各シナリオごとにSteam実績としてクリアするだけで獲得できるものに加え、ハード以上・生存者モードでのクリアの高難易度での挑戦、難易度問わず最も好ましい結末と言える結末でクリアする実績が用意されている。
新しい家 A New Home
ロンドンからたどり着いた市民が避難所となるジェネレーターの周囲に新たな街「ニューロンドン」を築き生活基盤を整えていくが、近くにあるウィンターホームはジェネレーターが爆発しており人もいなくなっているという状況が判明。パニックを起こした市民の一部は今からロンドンに戻る派閥「ロンドン主義者」を結成し、期限を過ぎたら街を去ることを宣言。無謀な提案をするロンドン主義者の勢力増加を阻止するため、この都市でも暮らしていけるような希望を見せることとなる。

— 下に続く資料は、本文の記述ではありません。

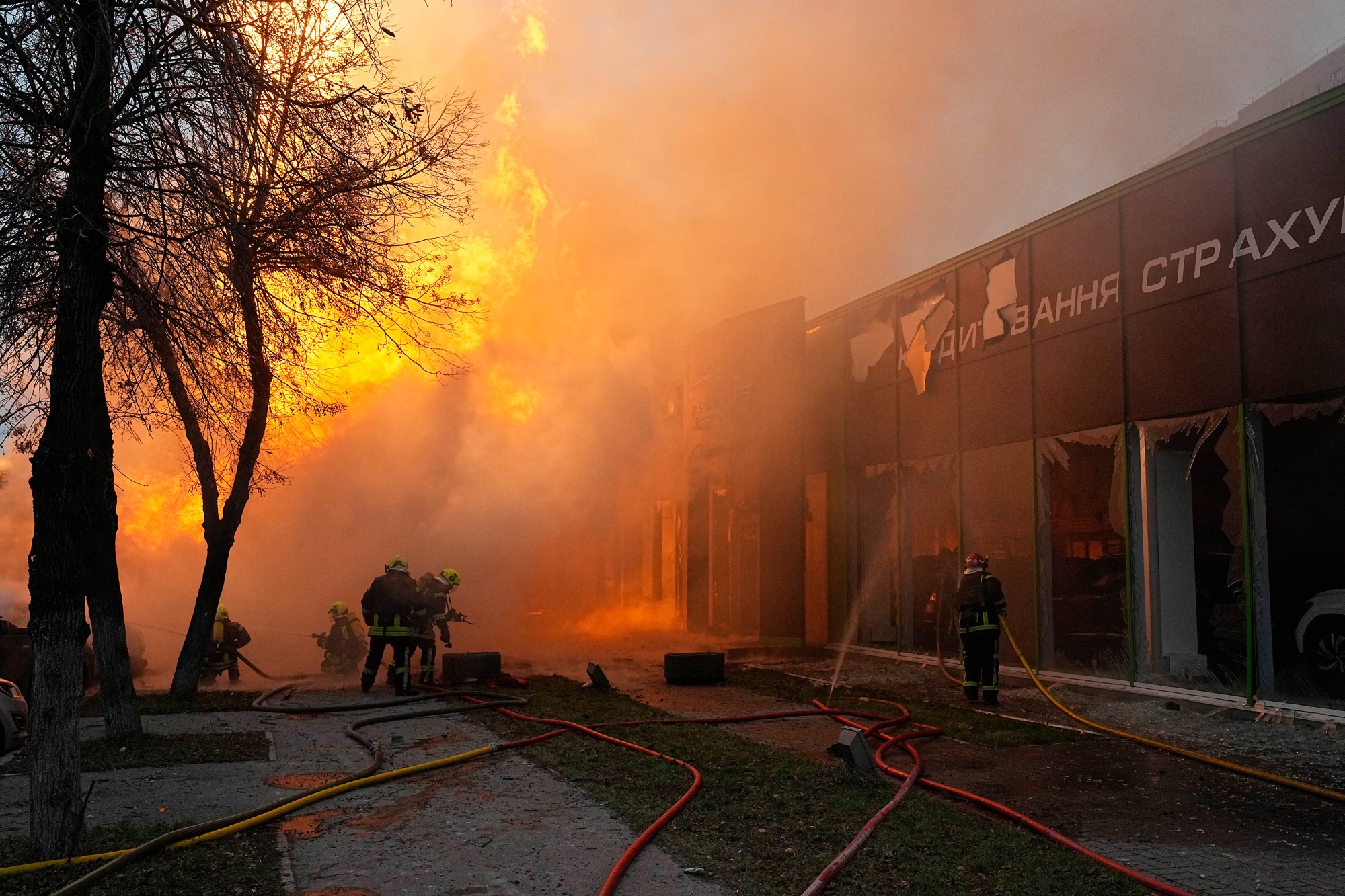消防员在乌克兰基辅一座被俄罗斯袭击摧毁的建筑物上扑灭火灾,日期为1月2日。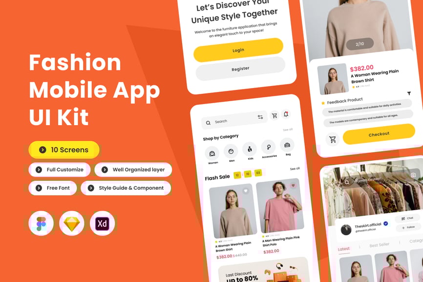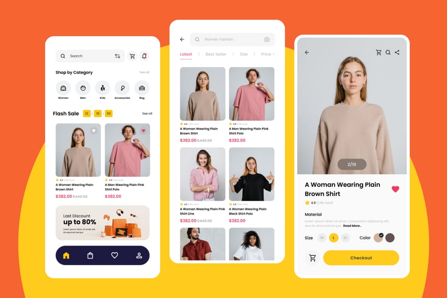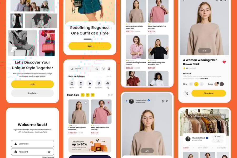 Floe 为时尚应用设计注入活力与创意。其鲜艳的色彩和动感的布局使其成为展示时尚系列和吸引用户的理想之选。Floe 的设计注重效率,专注于快速导航和赏心悦目的结账流程。无论您是自由职业者还是创意机构,这款设计都能助您打造精致专业的移动时尚体验。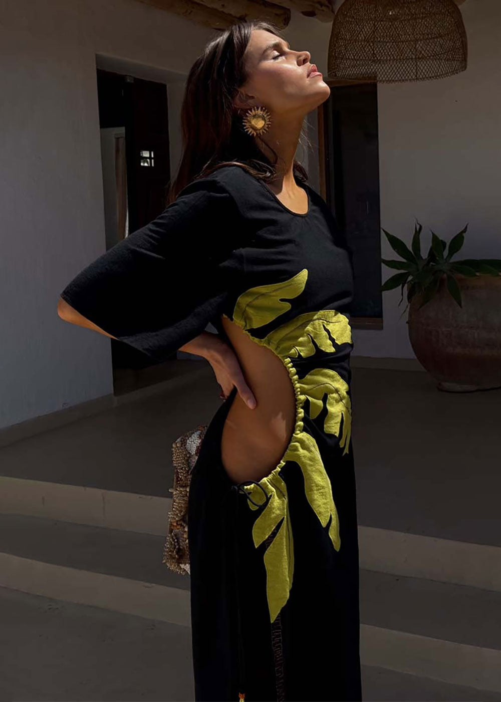 This dress is bring all the feel good vibes! A lightweight, cotton blend maxi dress suitable for dressing up or down. With our iconic palm motif accompanied by cut out detailing on the waist that can be adjusted to suit everybody! The relaxed silhouette makes this an definite holiday essential, whether it's thrown over swimwear for an easy day out or paired with heels and a clutch for a casual night out look.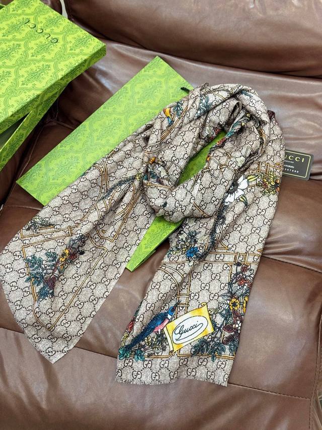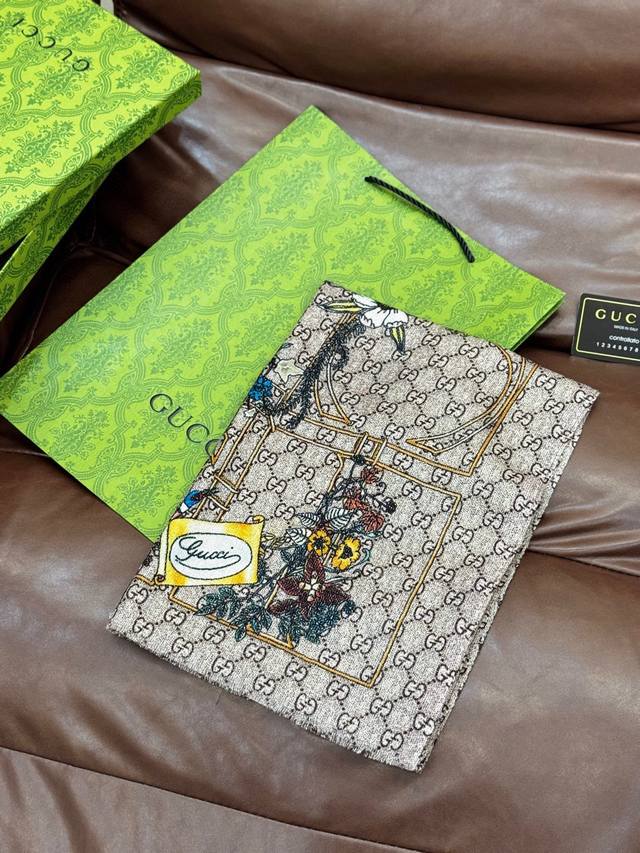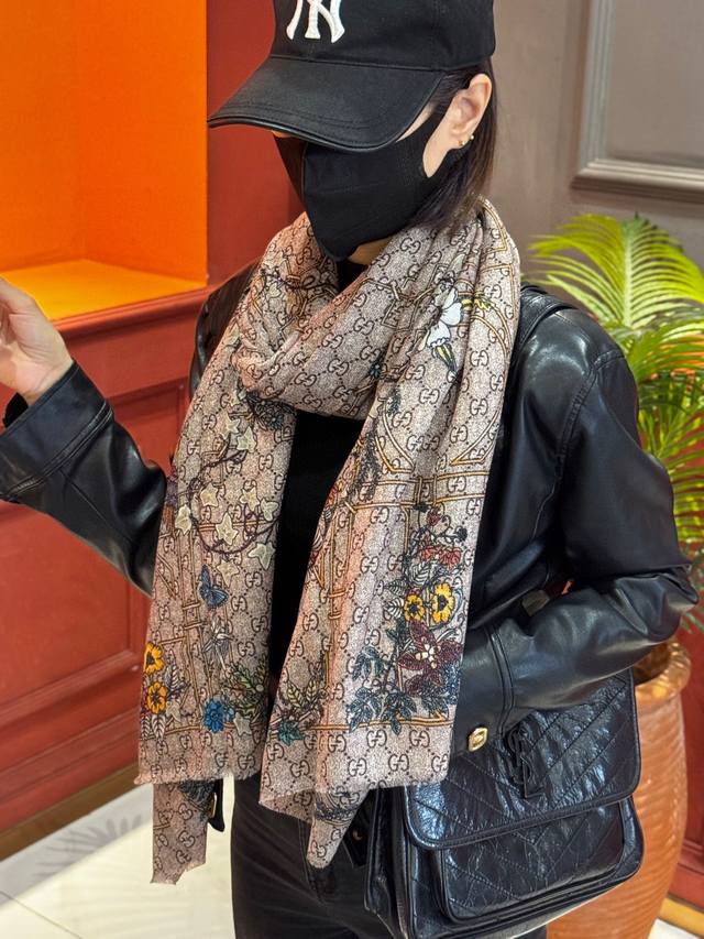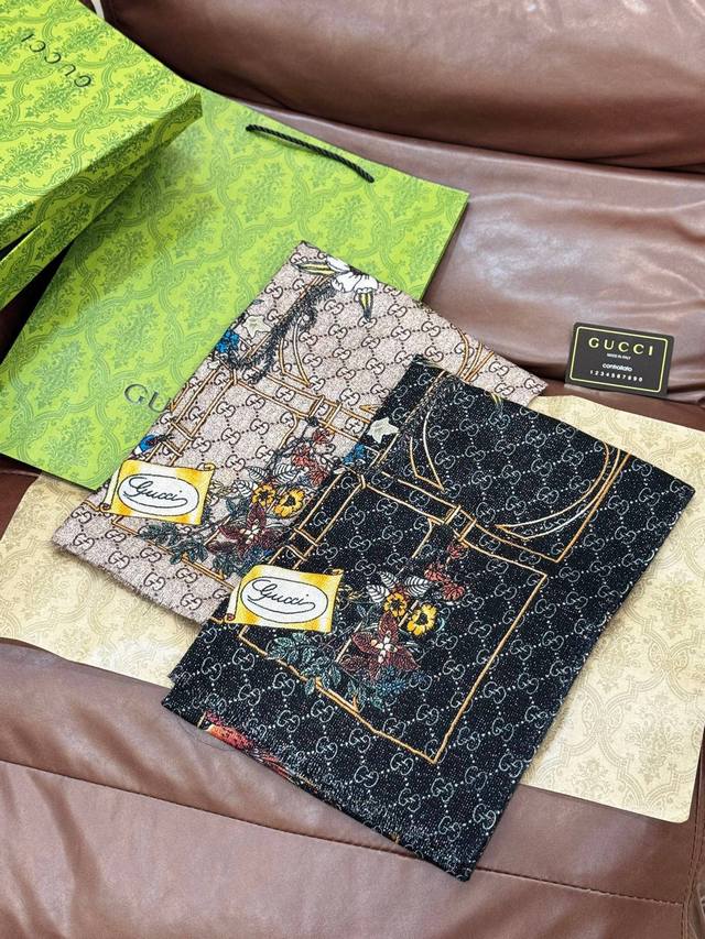 This new cashmere scarf is so shiny and glowing! Hurry and grab it while you can! A new G&G long scarf with Gg lettering and floral design. High-end, super rare! It looks amazing on, truly breathtaking. The quality is perfect; the scarf exudes a high-end aura while being incredibly delicate and beautiful. Definitely a must-have! The moment you hold it, you'll be glad you're a woman. A truly exquisite piece worth appreciating . Perfect for those with a refined and sophisticated style. Size: 110*200cm. 100% premium cashmere.

最初にプレイするシナリオであり、序盤の課題もチュートリアルも兼ねた内容となっている。ただしチュートリアルの出来が良いとはいえず、「詳しくはガイドを読んどいてくれ」と言わんばかりの説明である(これでも説明皆無の『This War of Mine』よりマシである)。うまくいかない場合は序盤だけ何度もやり直して感覚をつかんでみるとよい。ポイントは序盤よく使う木材の確保、十分な食料の供給体制、法律による労働時間の延長で生産性を上げる、蒸気ハブの研究でお手軽に暖かい土地を増やすことなど。
中盤以降のロンドン主義者の問題が始まると希望が強制的に大きく下がる。それと同時に希望増加に役立つ目的法が解放され、信仰で心の支えを持つか規律で結束力を得るかの選択が提示される(楽な攻略の観点では施設で悔い改めるイベントがある信仰が楽)。希望をコツコツ増やして解決するか、目的法最深部にある明らかに危ない法案を可決して「解決」するかの選択で対処することとなる。

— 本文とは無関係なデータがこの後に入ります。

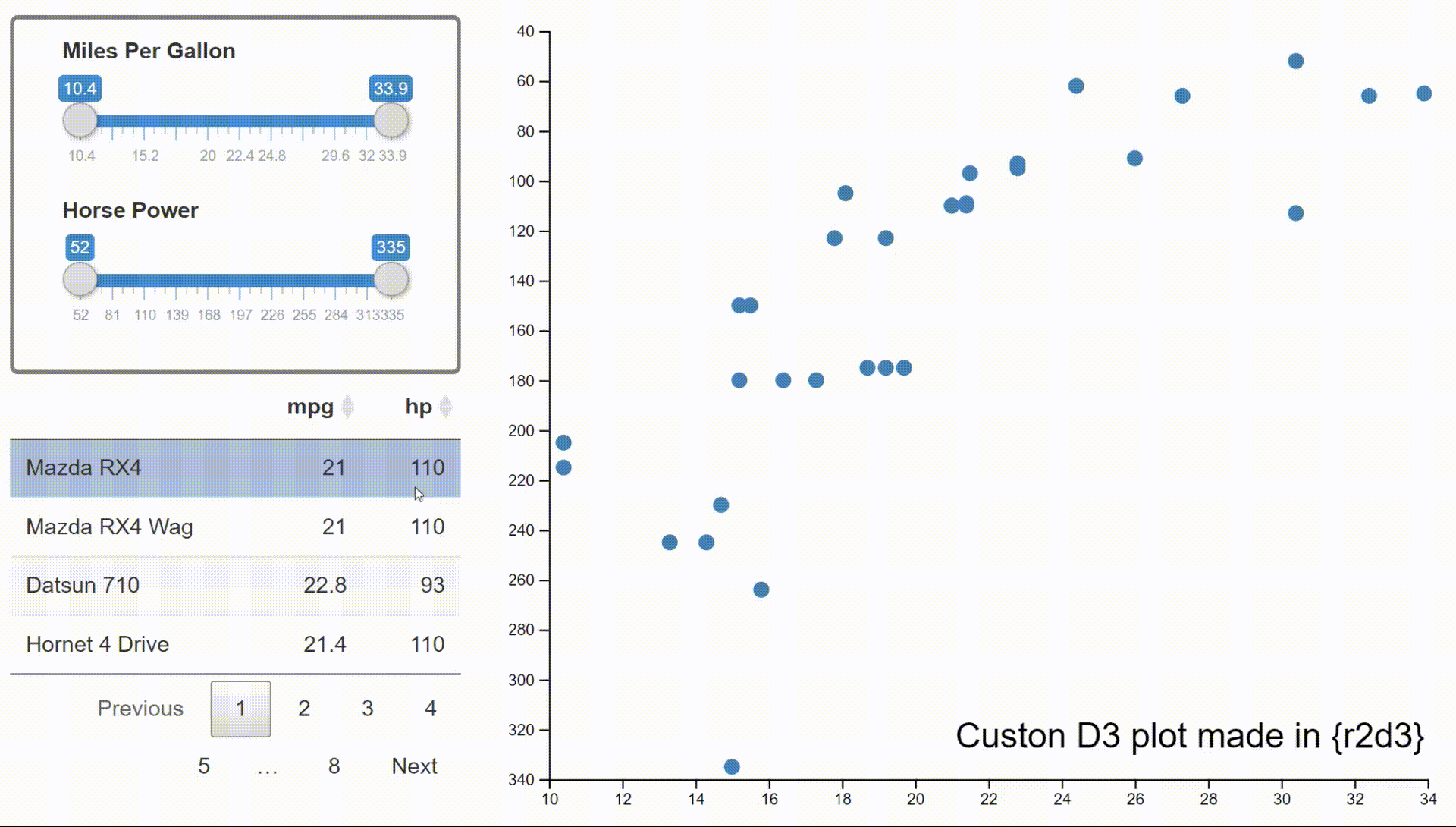 | filter_slider("hp", "Horse Power", mtcars_shared, ~hp) | |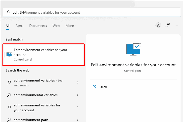 Search for “Edit environment variables for your account” in the Windows search bar.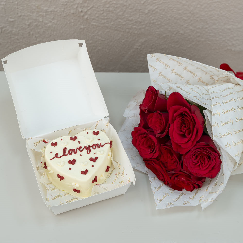 كيكة لذيذة بحجم 4 بوصات بنكهه الشوكولاتة لشخصين، مع باقة زهور متوسطة الحجم تتكون من الجوري.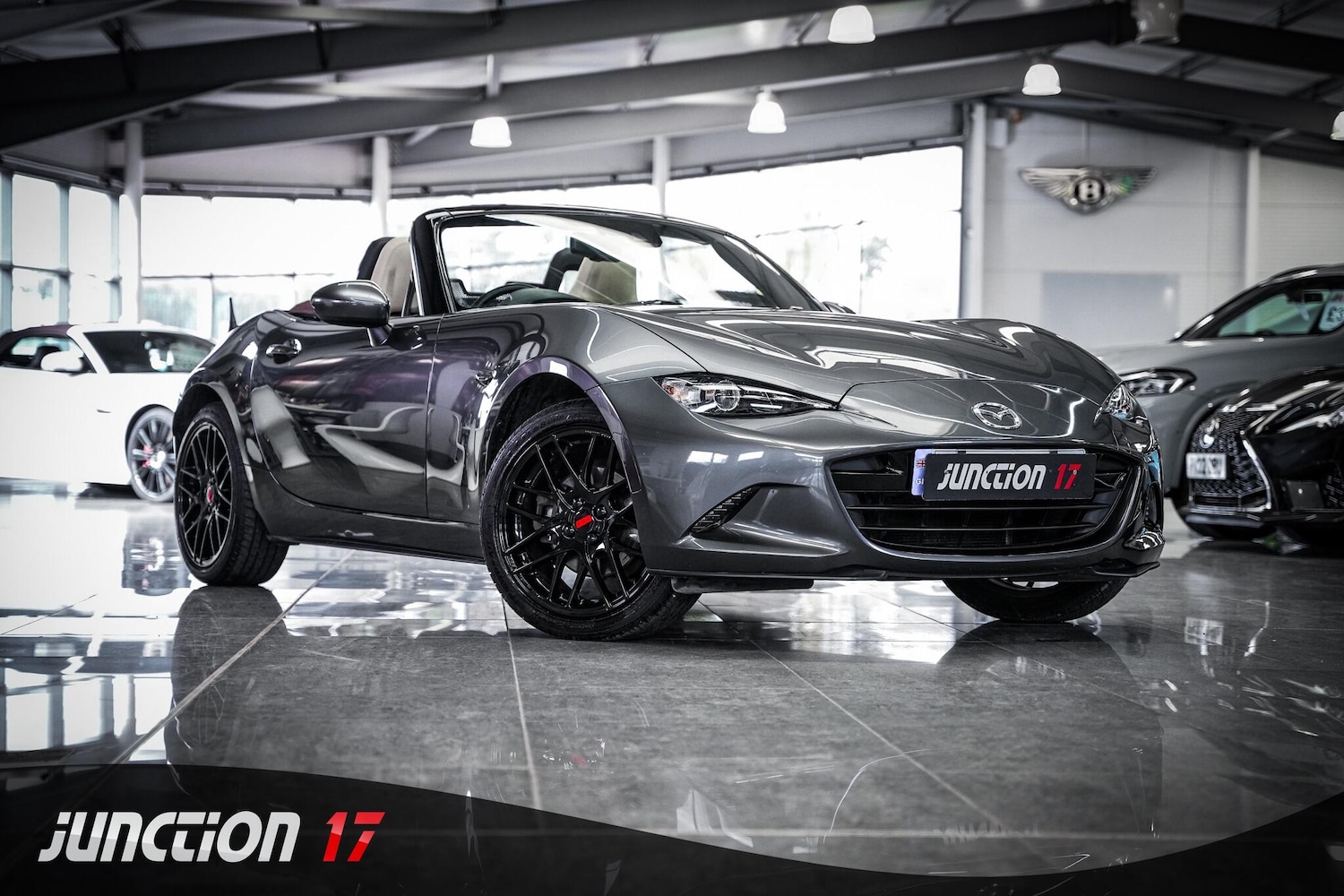Peterborough*CLICK BUY COLLECT* FINANCE AVAILABLE! HPI CLEAR! Junction 17 Cars now have to offer a stunning Mazda MX5 2.0 SKYACTIVG ZSport Euro 6 2dr.. 6 x Service Records.. Finished in Machine Grey and complemented by 'Sand' Leather Upholstery.. Desirable Specification.. Heated Seats.. Navigation.. Cruise Control.. Rear Parking Sensors.. 17'' Alloys in Gloss Black.. DAB Radio.. Keyless Start.. and more.*ANY THIRD PARTY VEHICLE INSPECTIONS ARE WELCOME* *WE WILL BEAT ANY CAR VALUATION SITE FOR YOUR PART EXCHANGE* Junction 17 Cars (Runner Up at the Motor Trader Independent Dealer Awards 2019 nominated for Car Supermarket of the Year Award) is a unique family run business with over £7 millions worth of stock currently split over our purposebuilt showroom in Yaxley, Peterborough and our new showrooms in Grantham and Rugby. Our vehicles can also be reserved with a £99 refundable holding deposit to ensure that they are professionally prepared/valeted for your viewing pleasure. Competitive HP and PCP packages are available with decision/approval available within 15 minutes. We also offer comprehensive warranties over a variety of different terms as well as Williams Ceramic Coating, Flexfuel Engine Carbon Cleaning and more. **NATIONWIDE DELIVERY AVAILABLE** Payment : maximum £500 card payment balance by bank transfer

なおロンドン主義者の問題が解決してもクリアとはならず、訪問者によって最後にはこの世界らしい重大な危機が迫っていることが判明する。ここでは都市の総合力が問われるとだけ記載しておく。
聖櫃 The Arks
世界中の植物を集めた建物「聖櫃」を守るために少数のエンジニアが集結。すべてはいつか終わるであろう寒冷化を乗り切った後の世界のために……

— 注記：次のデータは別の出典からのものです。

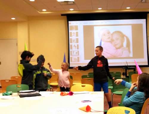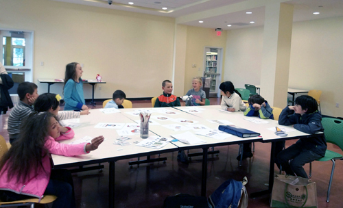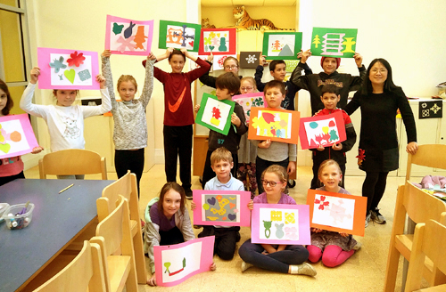 这是图书馆在春季汉语教学的基础上增加的一次“快乐汉语日”活动,所有参加了“快乐汉语”系列课程和中国画、剪纸工作坊学习的小朋友及家人、朋友都在邀请之列。活动中,我和孩子们一起共同回顾了“旅程”的全过程,孩子们之间、孩子和老师之间由陌生到熟悉,互相支持,共同进步的过程。孩子们用中文做了简单的自我介绍,一起唱《两只老虎》、《头发、眼睛、鼻子、嘴》,歌之舞之,快乐无比。围坐观看的家长、朋友们也十分兴奋,为孩子们的表现而骄傲。活动中展示的还有孩子们的中国画和剪纸作品,大家为孩子们初次接触中国文化能够自己独立完成的作品赞叹不已。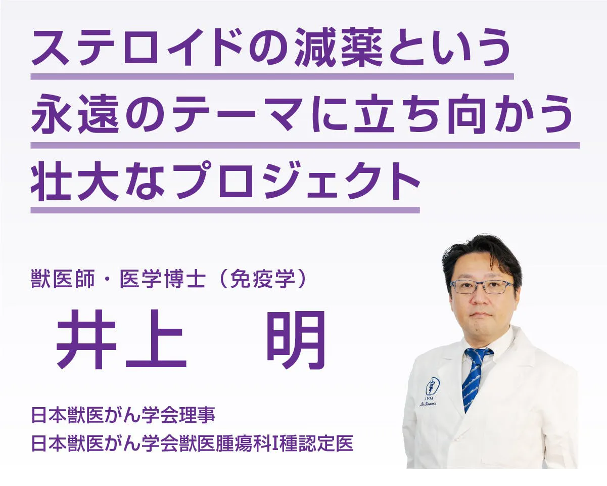はじめまして、井上明と申します。私は獣医師として臨床経験を積み、日本獣医がん学会獣医腫瘍科認定認定医(Ⅰ種)となり、帝京大学医学研究科の博士課程で免疫学を学び、博士号を取得しました。現在、全国の動物病院で腫瘍科のセカンドオピニオンとして活動しています。その中では、ステロイドによる長期的な治療を必要とするものがあり、副作用に苦しむ犬猫の姿にペットオーナーは心を痛めながらも、立ち向かう場面が多々あります。

初期状態では「新しい家」の半数ほどの人数しかおらず、住宅や食料問題は簡単に解決するものの人手不足が深刻なので、オートマトンをたくさん用意してオートマトンに都市の資源生産を任せる街を作ることで乗り切ることとなる。そのため最初の課題が道中で落としたオートマトンを作るための工場の技術に関する資料の回収となっており、ビーコンを建設してスカウトを送り出して探しに行く必要がある。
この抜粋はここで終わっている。